What is expected: Word for word, restate the lines of the listing below from the line with "The original meeting" through the line with "ASUS が 2019", and do not include the pictures.

(Given records Opens)

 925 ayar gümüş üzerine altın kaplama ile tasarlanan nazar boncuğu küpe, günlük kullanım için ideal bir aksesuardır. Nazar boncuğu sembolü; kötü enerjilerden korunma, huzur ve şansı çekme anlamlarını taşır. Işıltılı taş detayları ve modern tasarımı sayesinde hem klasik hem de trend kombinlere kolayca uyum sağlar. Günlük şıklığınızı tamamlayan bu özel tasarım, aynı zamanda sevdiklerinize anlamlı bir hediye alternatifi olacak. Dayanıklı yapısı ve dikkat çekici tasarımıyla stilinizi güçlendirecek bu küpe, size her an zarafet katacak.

(Given records Closes)
(Given records Opens)

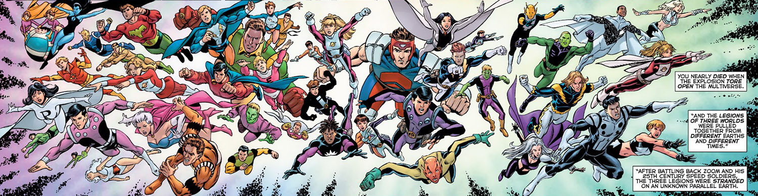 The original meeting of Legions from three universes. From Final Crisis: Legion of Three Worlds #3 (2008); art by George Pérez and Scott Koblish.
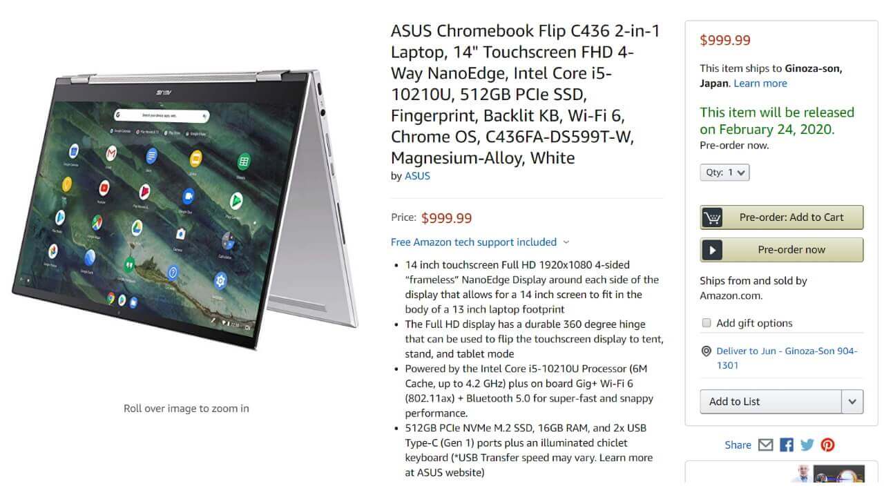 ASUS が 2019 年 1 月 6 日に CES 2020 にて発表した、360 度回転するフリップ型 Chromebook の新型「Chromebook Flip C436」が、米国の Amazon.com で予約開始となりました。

(Given records Closes)
(Given records Opens)

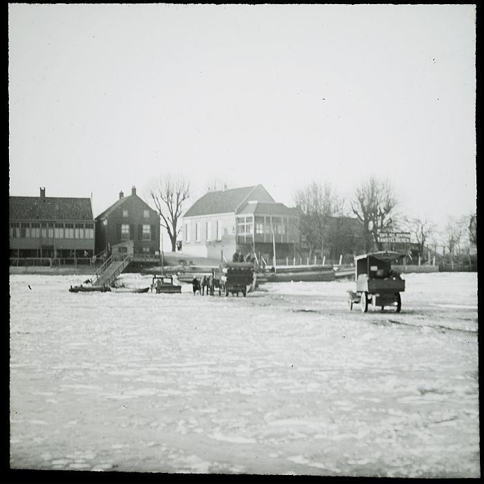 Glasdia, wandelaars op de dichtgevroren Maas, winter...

(Given records Closes)

Output below:
 The original meeting of Legions from three universes. From Final Crisis: Legion of Three Worlds #3 (2008); art by George Pérez and Scott Koblish.
 ASUS が 2019 年 1 月 6 日に CES 2020 にて発表した、360 度回転するフリップ型 Chromebook の新型「Chromebook Flip C436」が、米国の Amazon.com で予約開始となりました。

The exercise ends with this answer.